Я ощущал себя каким-то чувственным оборотнем, в котором разом обострились обоняние, слух, зрение. Я знал, как солёно пахнет кожа моего затылка, чуял кисловатый запах собственных подмышек и мускусный душок паха, мешающийся с невыветрившимся ароматом крема, которым умащивала себя Алина. Я слышал далёкие шорохи, шумы, щелчки, треск электричества в высоковольтных проводах, хлопающие двери просыпающихся подъездов, скрип открывающихся форточек, окрики заводских работяг, шелест вороньих крыльев, ток воды в канаве. Я различал бесчисленные оттенки серого в светающем утреннем воздухе. И впервые обратил внимание, что вдоль забора промзоны тянется надпись синей краской: “Наша честь зовётся верность! SSпартак”…
В мастерскую я пришёл задолго до Шервица и Дудченко. Пёс Мечкай уже признавал меня и не облаивал. Я только взялся за ручку калитки, как услышал его негромкое собачье покашливание. Зашёл, и Мечкай приветственно помахал своим пушистым бубликом, а после лениво протрусил прочь в сторону кладбища образцов и скрылся за могильными плитами.
Я постучался в бытовку. Выглянул полусонный, дружелюбный Фаргат, ночевавший, судя по всему, прямо в одежде. Протянул дребезжащую связку ключей и удалился досматривать свои азиатские грёзы.
В мастерской, чуть выстуженной из-за первых заморозков, пахло подмокшим песком и отсыревшими окурками. Я включил стоявший под верстаком обогреватель, изловил кролика Борхеса и, пока пил кофе, перебирал подрагивающими пальцами его мягкие горячие уши. Кролик, полузакрыв глаза, млел.
Без Шервица делать особо было нечего, я чуть прибрал вчерашний мусор, подготовил мешки с цементом для будущего замеса. В сушильной камере перетащил с яруса на ярус формы, с каких-то оборвал уже ненужную полиэтиленовую плёнку. К готовым комплектам (плита, подставка, цветник, тумбы) приладил скотчем квитанции с фамилией заказчика. Потом отвёз памятники на склад – зимовать.

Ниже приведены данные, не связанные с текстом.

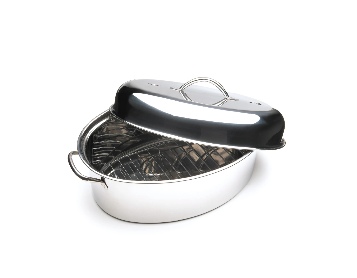 Roast your favorite poultry, meat, seafood, or vegetables using this large 10-quart/10L Oval Roaster! Made of durable 18/0 stainless steel, heat is evenly circulated to give your dish the perfect roast. This set includes a removable chromed roasting rack that elevates your meat, underneath which will fill with succulent juices, and a high domed lid that keeps your roast at the ideal temperature. This oval roaster set is perfect for your chicken and beef dishes, as it allows proper roasting by lifting your Thanksgiving or holiday turkey, chicken, rib roast, or duck up out of its juices for an even, all-around browning. You can also easily baste your roast in its own juices to keep it moist, tender and tasty. Be the hit of the holidays with this set!

Ближе к полудню позвонил Никита. Тягостное предчувствие свинцово сгустилось в груди, но так же быстро рассосалось, как и положено всем предчувствиям, после первых негромких осиплых слов.
– Здорово, братик, – немощно выговорил Никита. – Я вчера в пиздец наебенился?..
– Ну, так, – дипломатично ответил я. – Перебрал малость…
– Башка трещит – помираю! – то ли посмеиваясь, то ли покряхтывая, пожаловался Никита. – Сам как?
– Нормально. Я ж не пил.
– Что делаешь?
– Типа, работаю.
– Алинка сказала, ты меня на себе притащил…
– Ну, помог чуть. Чего не спишь?
– Подниматься надо, – произнёс с сожалением Никита. – В порядок себя приведу и подъеду. Где-то через часок-другой…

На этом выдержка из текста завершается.